Luego viene la somnolencia, a saber, el sueño indolente que causa en el hombre modorra y torpeza corporal y espiritual. Este pecado tiene su origen en la pereza. En verdad, de acuerdo con los postulados de la razón, no se debe dormir por la mañana, a menos de causa justificada. Sin duda, las horas matutinas son las más adecuadas para que el hombre se ponga en oración, para pensar en Dios y honrarle y dar limosna al primer menesteroso que llega en nombre de Jesucristo. Mirad lo que declara Salomón: «El que por la mañana esté despierto y me busque, me hallará»
[611]
.
A renglón seguido viene la negligencia o dejadez, que no se preocupa de nada.
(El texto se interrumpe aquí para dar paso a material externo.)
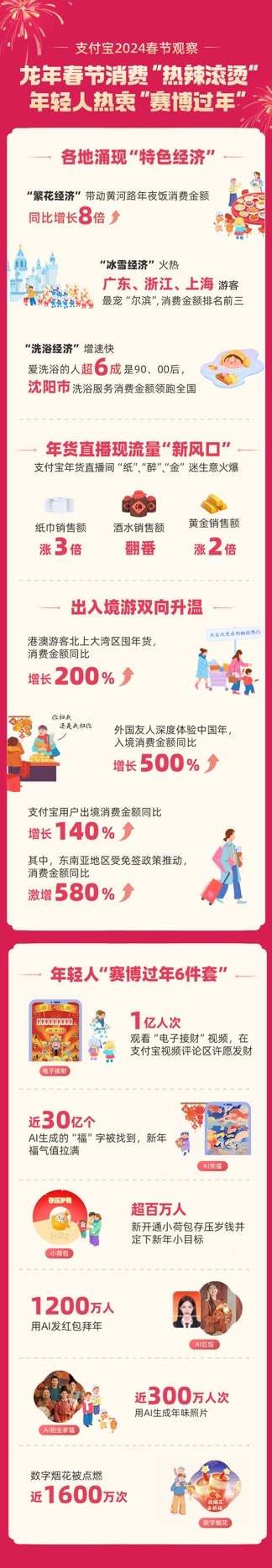 2月16日,支付宝公布春节数据报告显示,龙年春节各地涌现“特色经济”、年货直播出现流量“新风口”、出入境游双向升温。
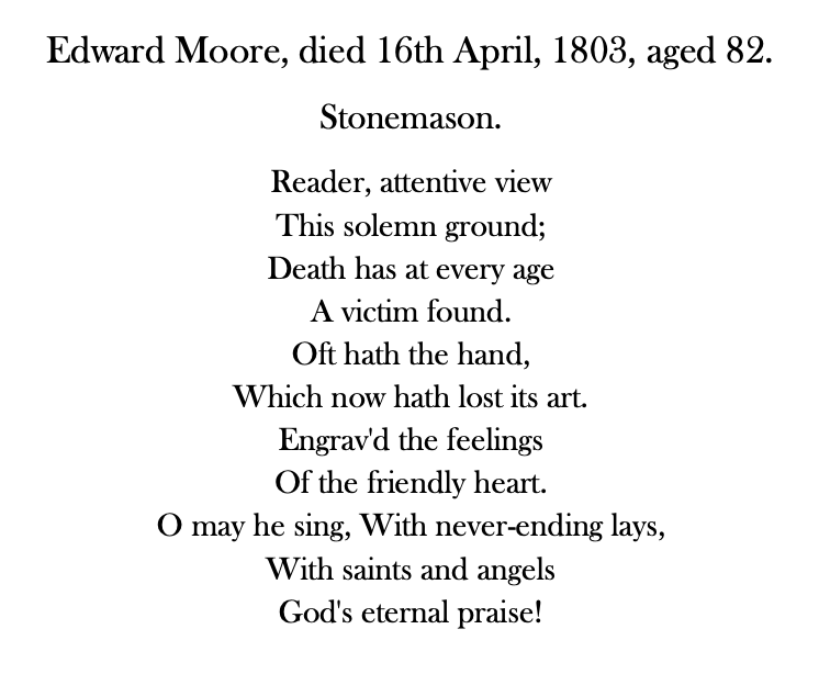 Using that most basic of genealogical research tools, Google, I uncovered an interesting document about 10 years ago that included a memorial inscription. The deceased was Edward Moore, a stonemason from Havant.
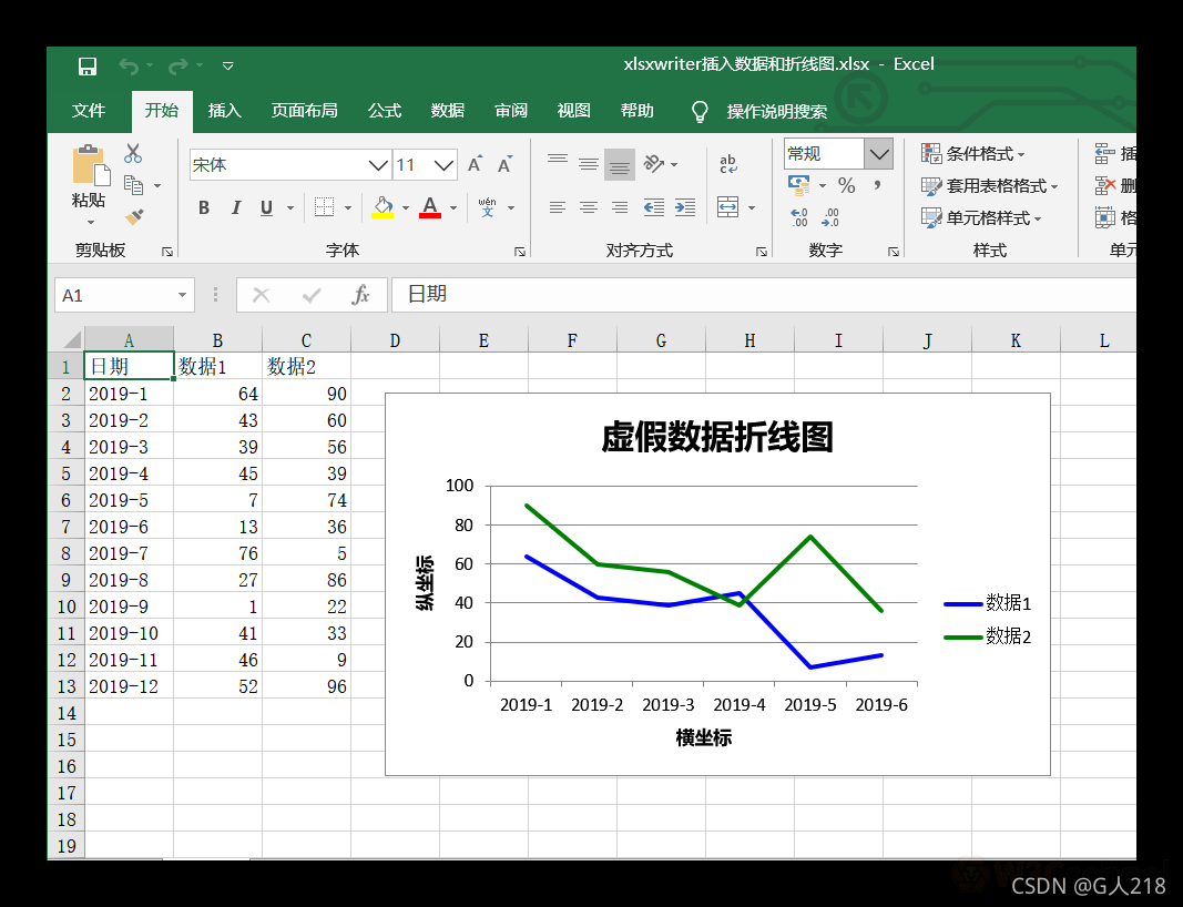 图表的数据,直接使用数据1和数据2的内容,并且前半部分,数据的写入就是上面的代码。
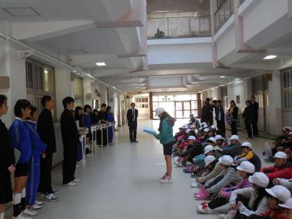 築港、港晴、両小学6年生70名が築港中学校の11の部活動に分かれて体験しました。
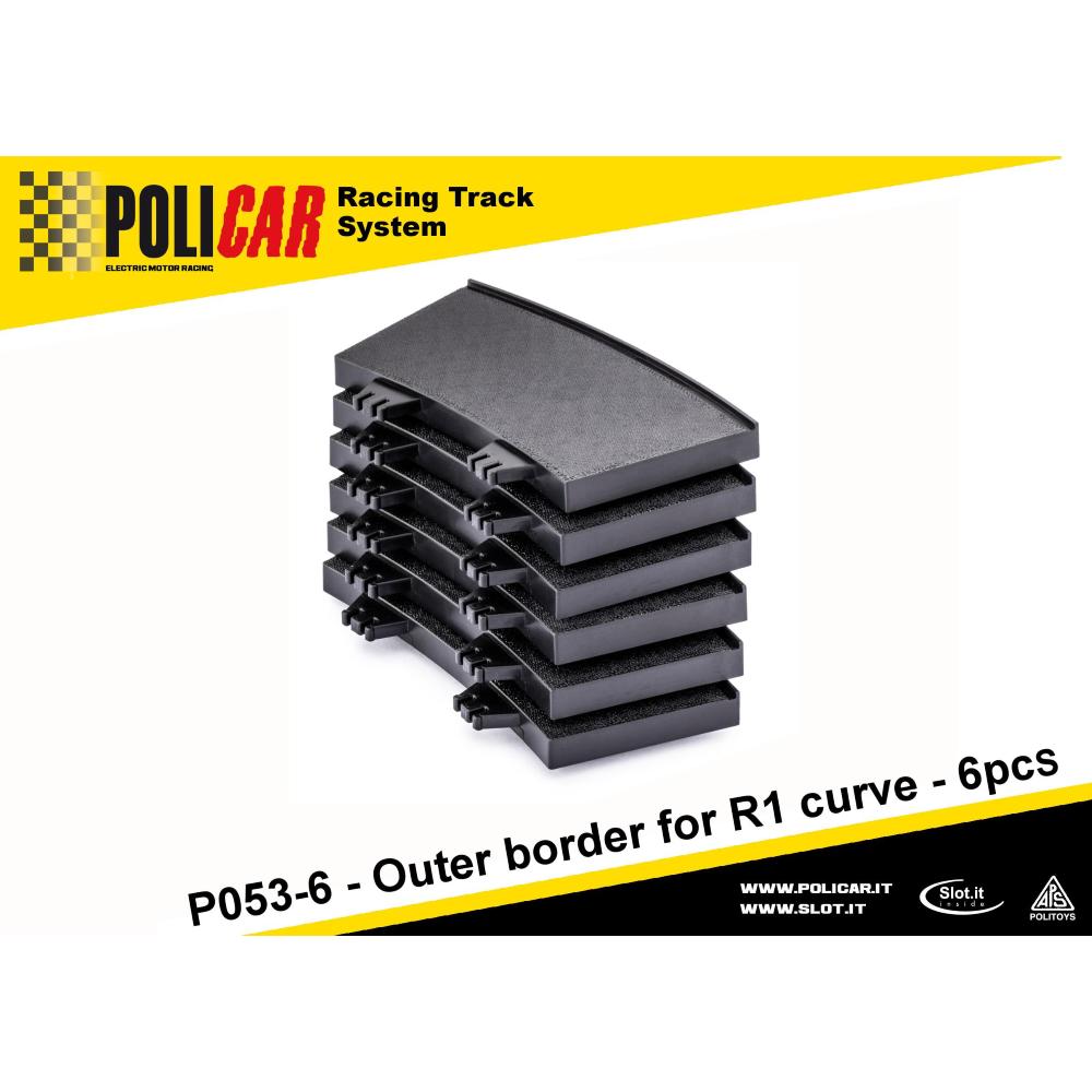Confezione contenente 6 bordi Esterni per Curva R1 45° x 60mm in plastica rigida con superficie ad alta aderenza.
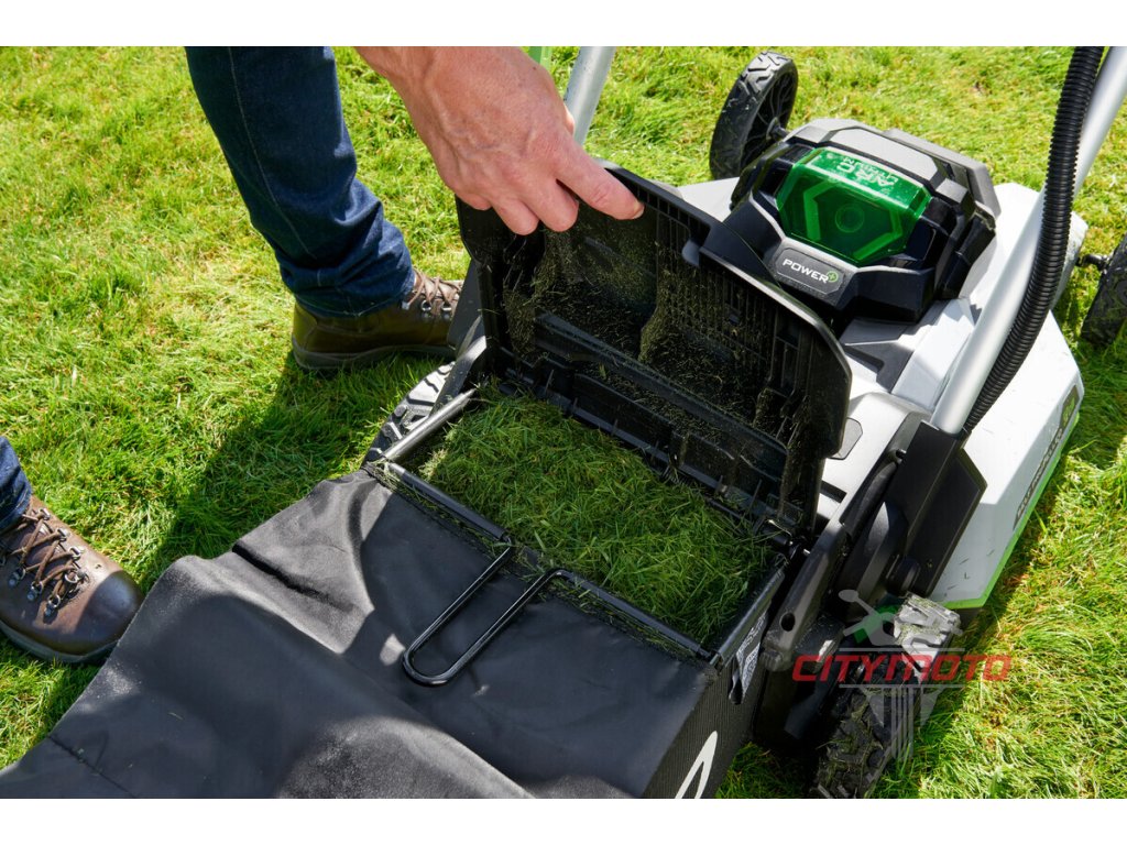 Model EGO LM 2130E-SP - Záběr sečení 52cm, podvozek s centrálním nastavením výšky sečení a plynule proměnlivý pojezd, objem sběrného koše 70L, teleskopická a výškově nastavitelná pohodlná rukojeť dělají z tohoto modelu mimořádně komfortní stroj. A hlavně dva sekací nože dělají z tohoto stroje opravdu zdatného "likvidátora" travního porostu.
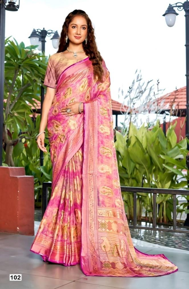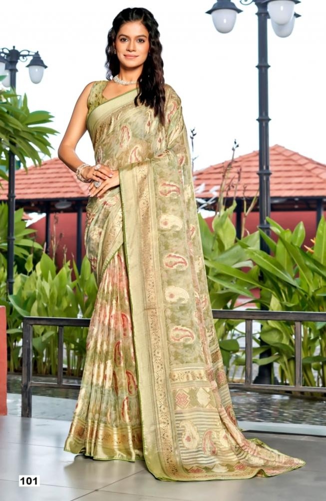 • Full Name : Kashvi Creation Nandika Series 101 To 108 Dull Moss Brasso Gorgeous Look Sarees In Wholesale Surat
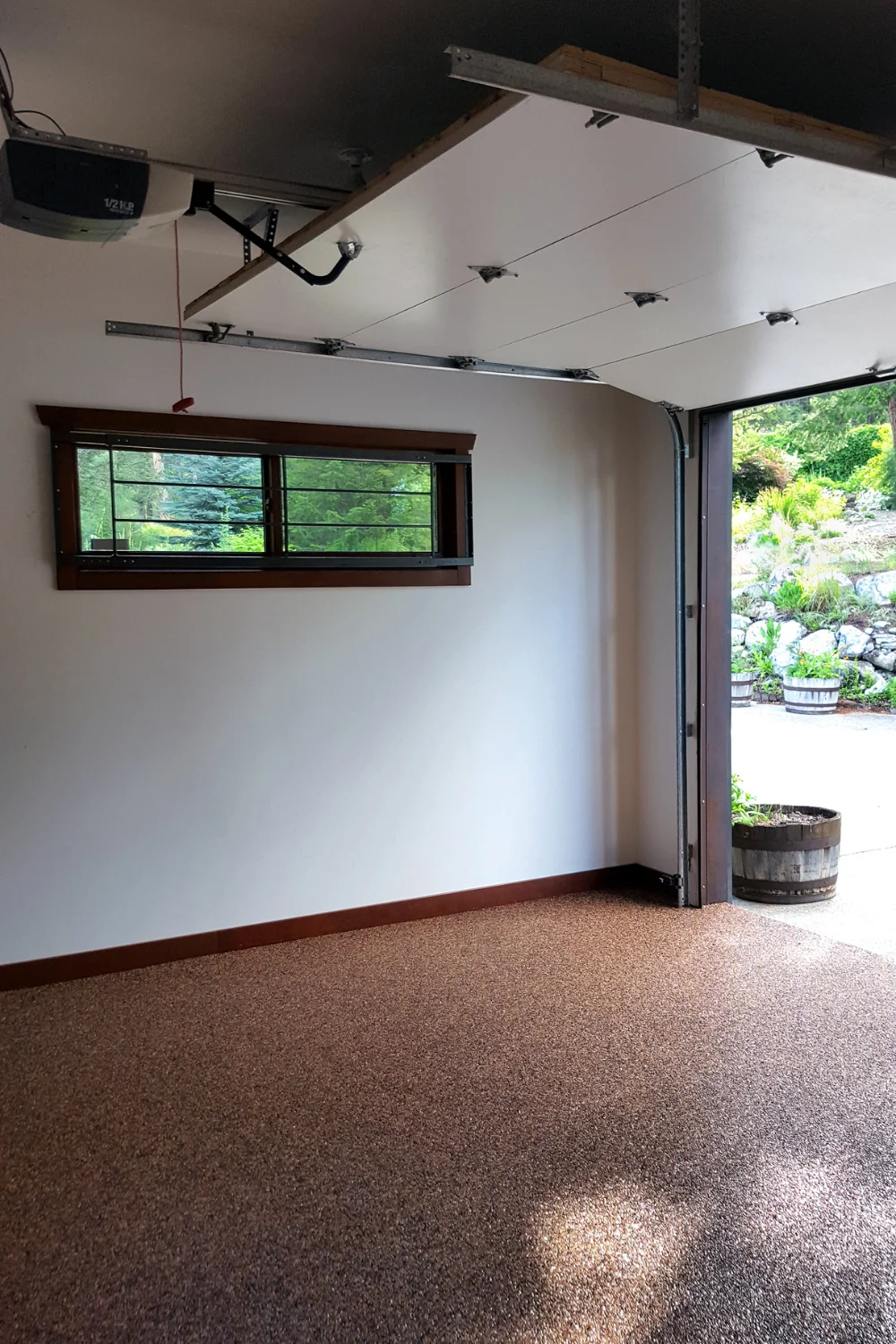 Transform your garage into a clean, durable, and stylish space with our flake epoxy systems. These floors resist cracks, stains, and hot tire transfer—while adding curb appeal and value to your home.
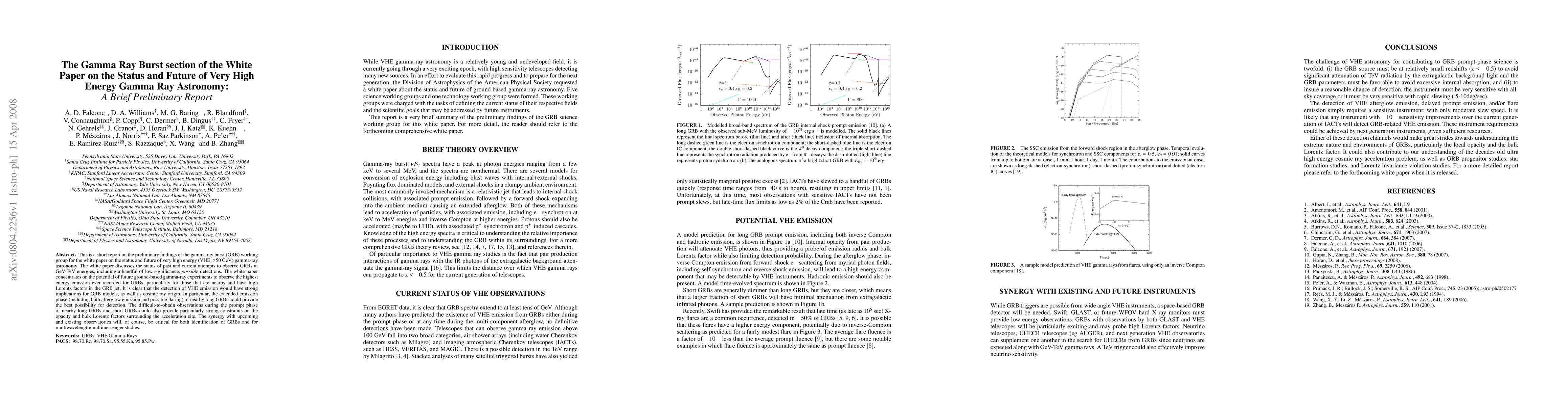 This is a short report on the preliminary findings of the gamma ray burst (GRB) working group for the white paper on the status and future of very high energy (VHE; >50 GeV) gamma-ray astronomy. The white paper discusses the status of past and current attempts to observe GRBs at GeV-TeV energies, including a handful of low-significance, possible detections. The white paper concentrates on the potential of future ground-based gamma-ray experiments to observe the highest energy emission ever recorded for GRBs, particularly for those that are nearby and have high Lorentz factors in the GRB jet. It is clear that the detection of VHE emission would have strong implications for GRB models, as well as cosmic ray origin. In particular, the extended emission phase (including both afterglow emission and possible flaring) of nearby long GRBs could provide the best possibility for detection. The difficult-to-obtain observations during the prompt phase of nearby long GRBs and short GRBs could also provide particularly strong constraints on the opacity and bulk Lorentz factors surrounding the acceleration site. The synergy with upcoming and existing observatories will, of course, be critical for both identification of GRBs and for multiwavelength/multimessenger studies.

Y del mismo modo que la ignorancia es la madre de todos los males, la negligencia es, sin duda, la nodriza del mismo. La negligencia no se preocupa de si se obra bien o mal al ejecutar una acción.
Referente al remedio de estos dos pecados, el sabio declara lo siguiente: «Quien teme a Dios no se abstiene de ejecutar lo que debe.» Y quien ama a Dios se mostrará diligente en agradarle y dedicarse con todas sus fuerzas al bien obrar.
Sigue después la ociosidad, que es la puerta de todos los males. El hombre ocioso se asemeja a un lugar sin cercas: el diablo puede penetrar por cualquier lado y disparar sobre él, indefenso, ocasionándole toda suerte de tentaciones. Esta ociosidad es el albañal de todos los malos e inicuos pensamientos y de todas las murmuraciones, necedades y de toda impureza. Ciertamente el Cielo lo alcanzan quienes se esfuerzan, no así los ociosos. Además, David declara que «los que están en la labor de los hombres, no serán azotados con los hombres»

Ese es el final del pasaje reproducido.